▶ **TASK TO CARRY OUT**
Take the entries below and reproduce exactly the portion that begins at the line containing "As he was being" and ends at the line containing "館のまわりを一周するように縁", keeping both ends, dropping pictures, and adding nothing else.

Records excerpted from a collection
++++++

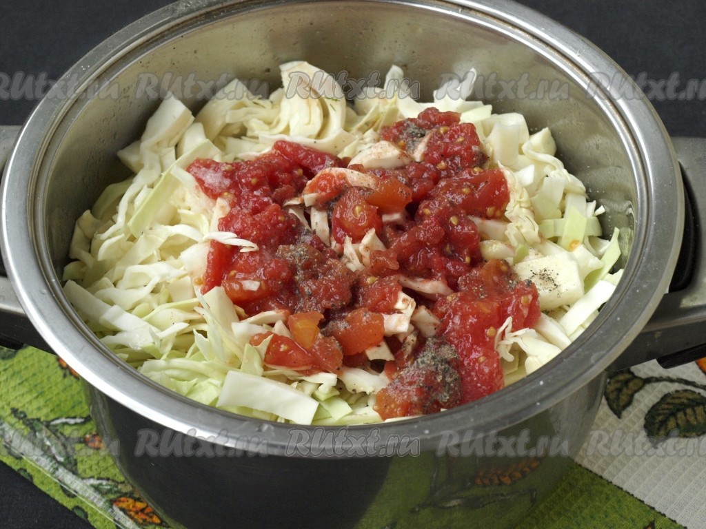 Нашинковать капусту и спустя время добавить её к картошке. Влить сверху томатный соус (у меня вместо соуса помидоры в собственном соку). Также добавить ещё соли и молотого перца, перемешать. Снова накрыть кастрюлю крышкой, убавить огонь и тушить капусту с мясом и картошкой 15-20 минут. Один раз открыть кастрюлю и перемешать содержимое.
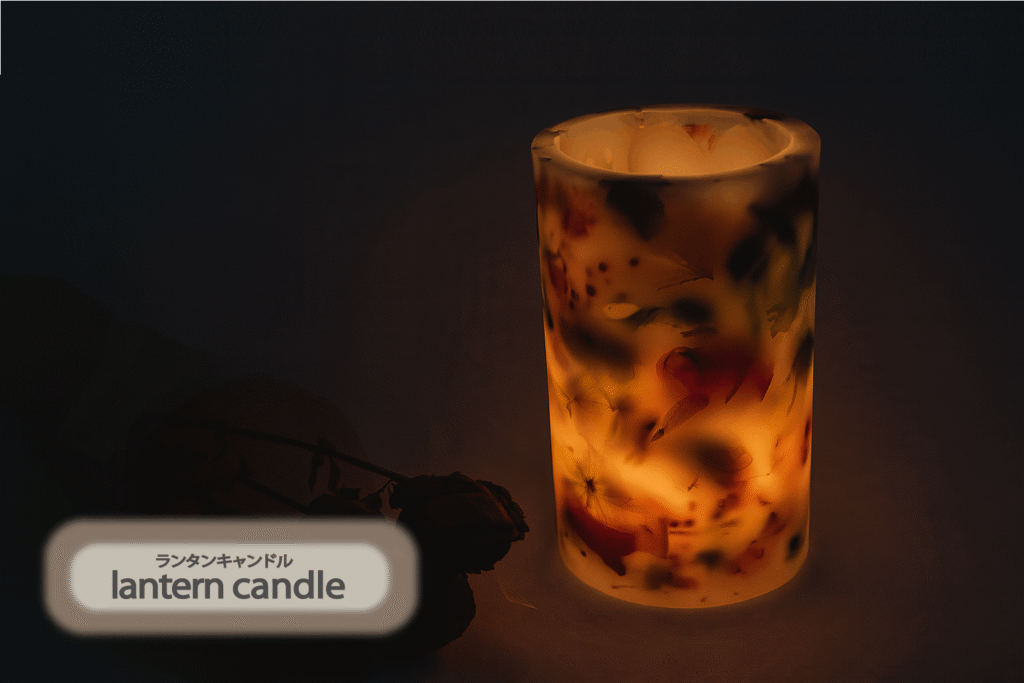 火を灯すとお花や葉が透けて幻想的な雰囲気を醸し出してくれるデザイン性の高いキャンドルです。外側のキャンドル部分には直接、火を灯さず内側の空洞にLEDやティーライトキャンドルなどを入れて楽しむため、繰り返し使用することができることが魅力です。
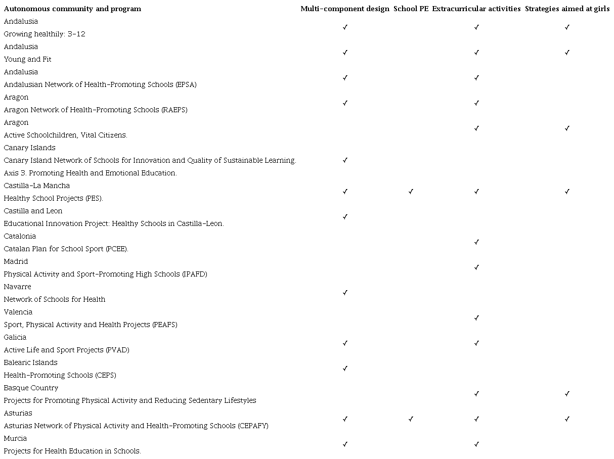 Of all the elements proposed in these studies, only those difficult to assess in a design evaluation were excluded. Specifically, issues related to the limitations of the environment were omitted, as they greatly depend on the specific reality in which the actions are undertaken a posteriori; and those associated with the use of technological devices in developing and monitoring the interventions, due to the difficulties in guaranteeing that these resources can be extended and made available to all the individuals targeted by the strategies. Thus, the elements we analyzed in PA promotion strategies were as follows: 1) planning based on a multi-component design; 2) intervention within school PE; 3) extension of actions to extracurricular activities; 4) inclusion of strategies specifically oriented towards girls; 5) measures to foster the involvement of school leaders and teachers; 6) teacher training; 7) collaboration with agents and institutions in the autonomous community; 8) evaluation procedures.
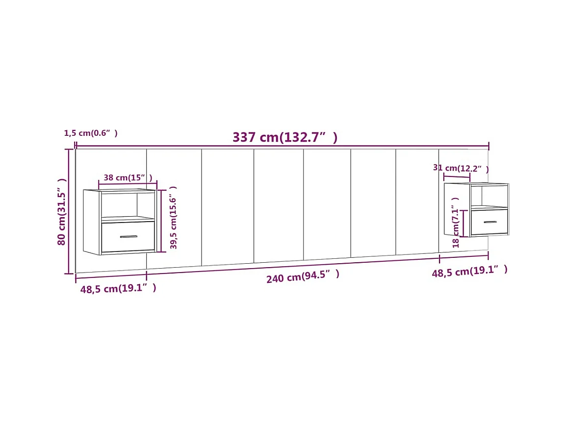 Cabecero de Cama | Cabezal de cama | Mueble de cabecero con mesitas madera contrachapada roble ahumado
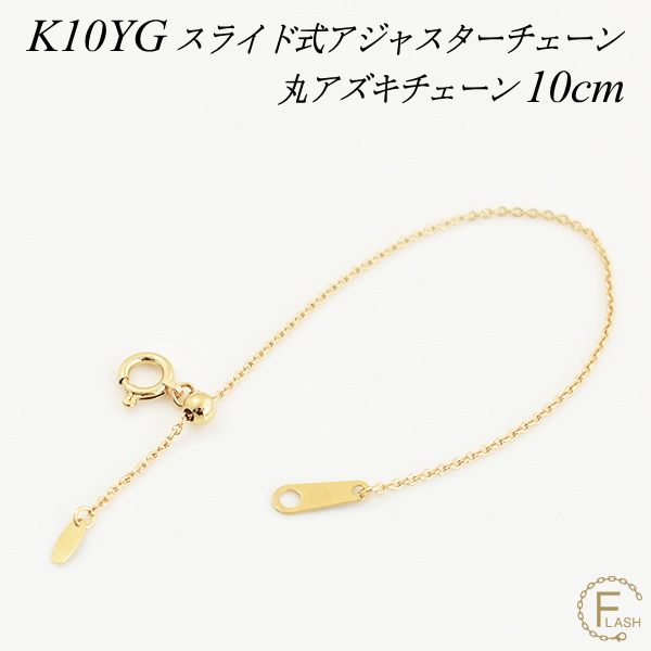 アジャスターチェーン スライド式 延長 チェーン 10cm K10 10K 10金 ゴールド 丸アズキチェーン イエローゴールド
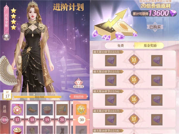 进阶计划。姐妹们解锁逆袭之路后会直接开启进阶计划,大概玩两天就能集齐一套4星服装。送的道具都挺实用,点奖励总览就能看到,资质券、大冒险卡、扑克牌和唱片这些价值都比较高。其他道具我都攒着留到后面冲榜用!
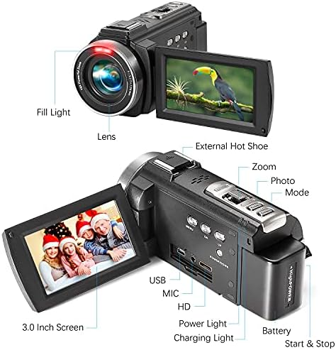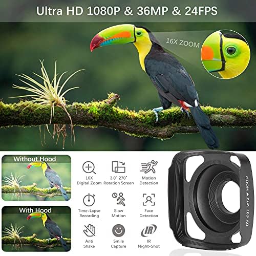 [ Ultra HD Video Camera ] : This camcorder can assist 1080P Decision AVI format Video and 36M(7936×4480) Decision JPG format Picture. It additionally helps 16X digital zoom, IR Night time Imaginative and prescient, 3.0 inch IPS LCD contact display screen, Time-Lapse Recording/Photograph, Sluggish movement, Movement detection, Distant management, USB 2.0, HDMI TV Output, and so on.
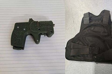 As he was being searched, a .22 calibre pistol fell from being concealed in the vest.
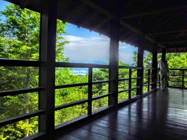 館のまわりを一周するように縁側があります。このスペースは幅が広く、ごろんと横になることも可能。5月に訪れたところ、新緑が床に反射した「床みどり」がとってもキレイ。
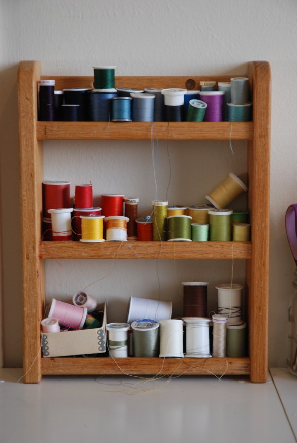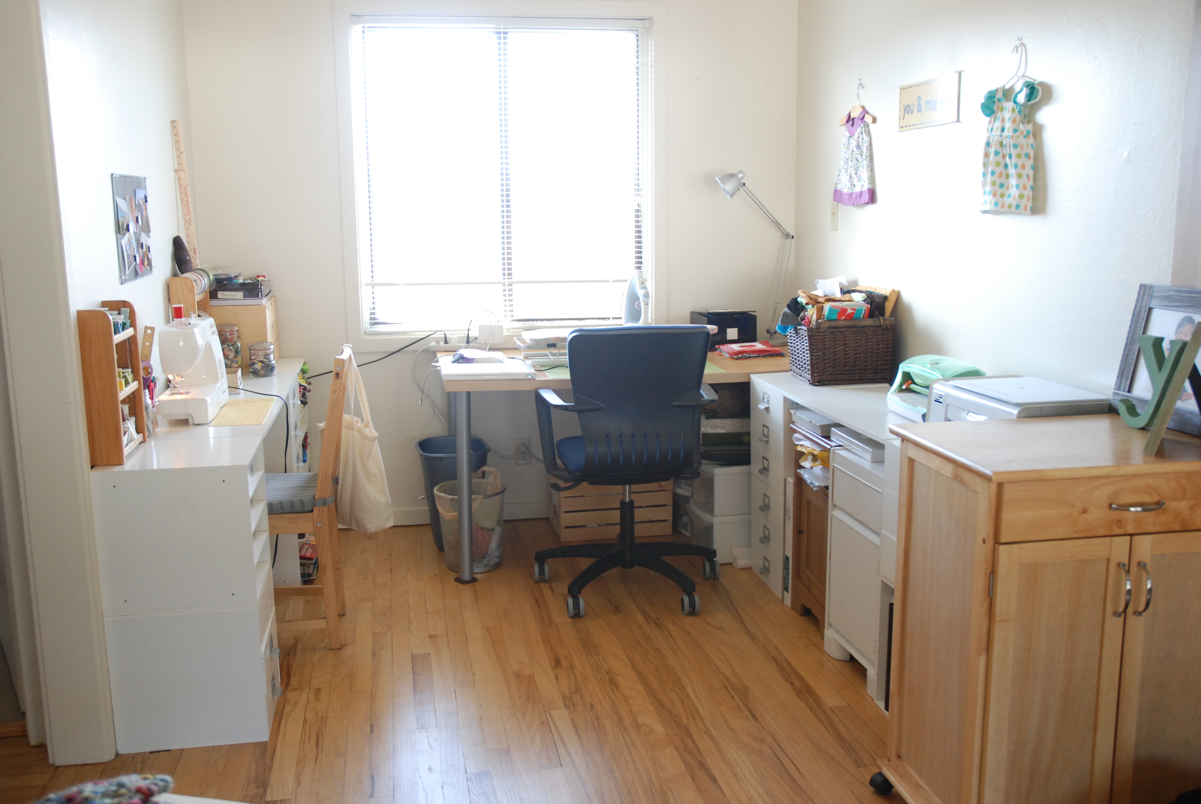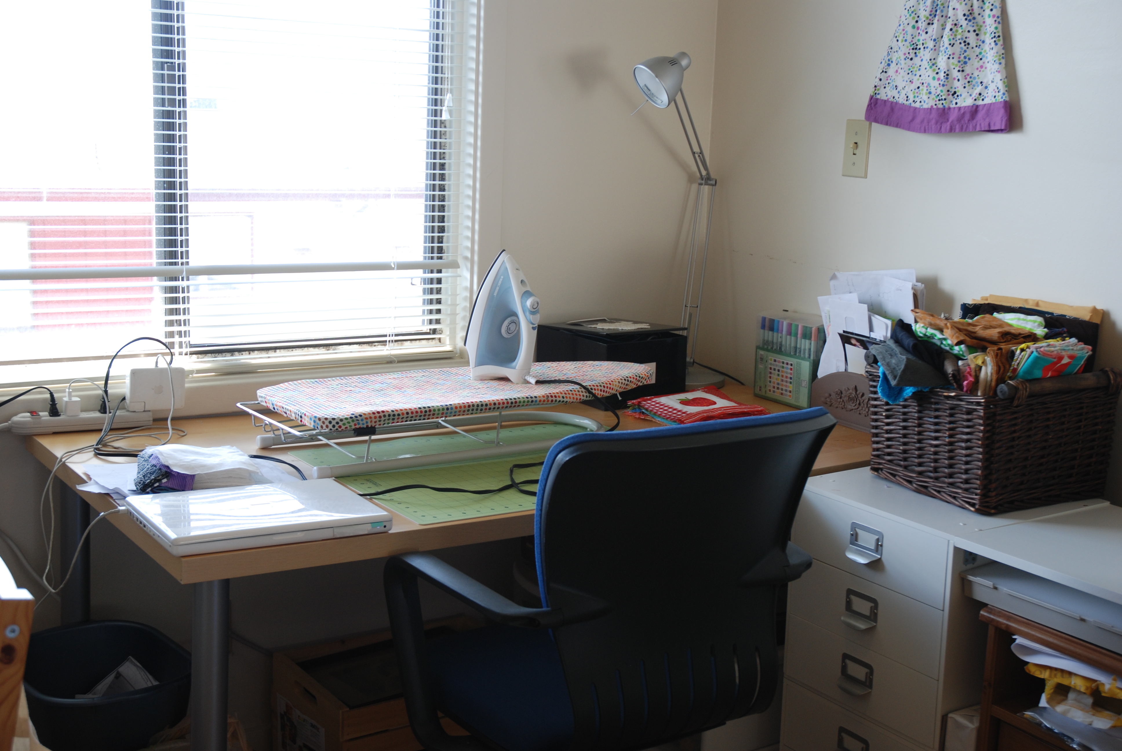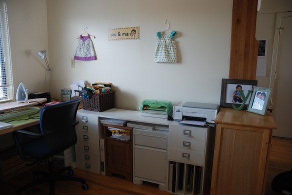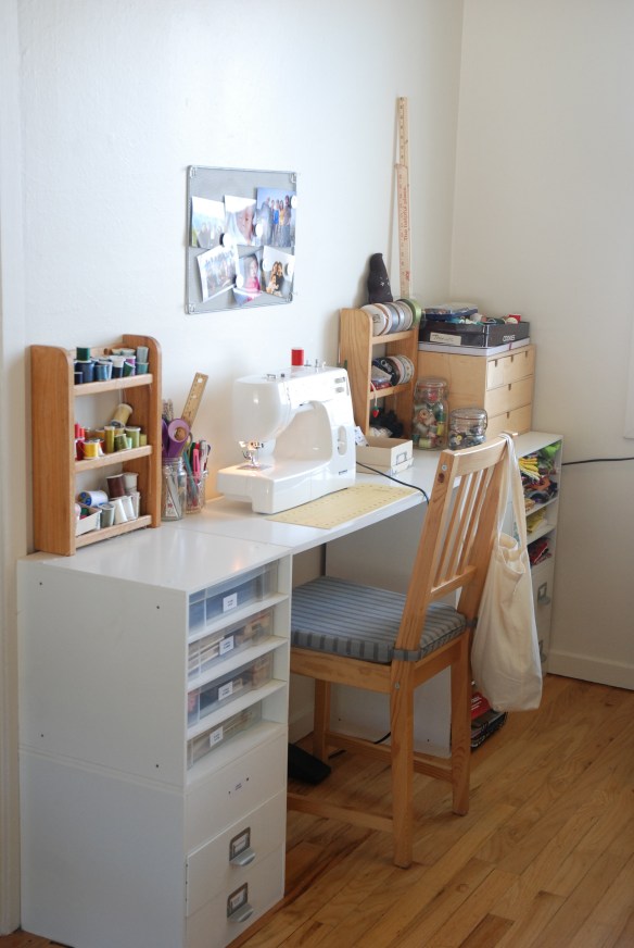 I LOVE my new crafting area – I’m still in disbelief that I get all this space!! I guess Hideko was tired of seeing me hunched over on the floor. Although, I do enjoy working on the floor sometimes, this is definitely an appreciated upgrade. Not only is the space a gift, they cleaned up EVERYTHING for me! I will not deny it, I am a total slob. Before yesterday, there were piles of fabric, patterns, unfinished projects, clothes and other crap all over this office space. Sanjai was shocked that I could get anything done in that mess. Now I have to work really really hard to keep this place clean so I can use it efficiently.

++++++

▶ **TASK OUTPUT**
 As he was being searched, a .22 calibre pistol fell from being concealed in the vest.
 館のまわりを一周するように縁側があります。このスペースは幅が広く、ごろんと横になることも可能。5月に訪れたところ、新緑が床に反射した「床みどり」がとってもキレイ。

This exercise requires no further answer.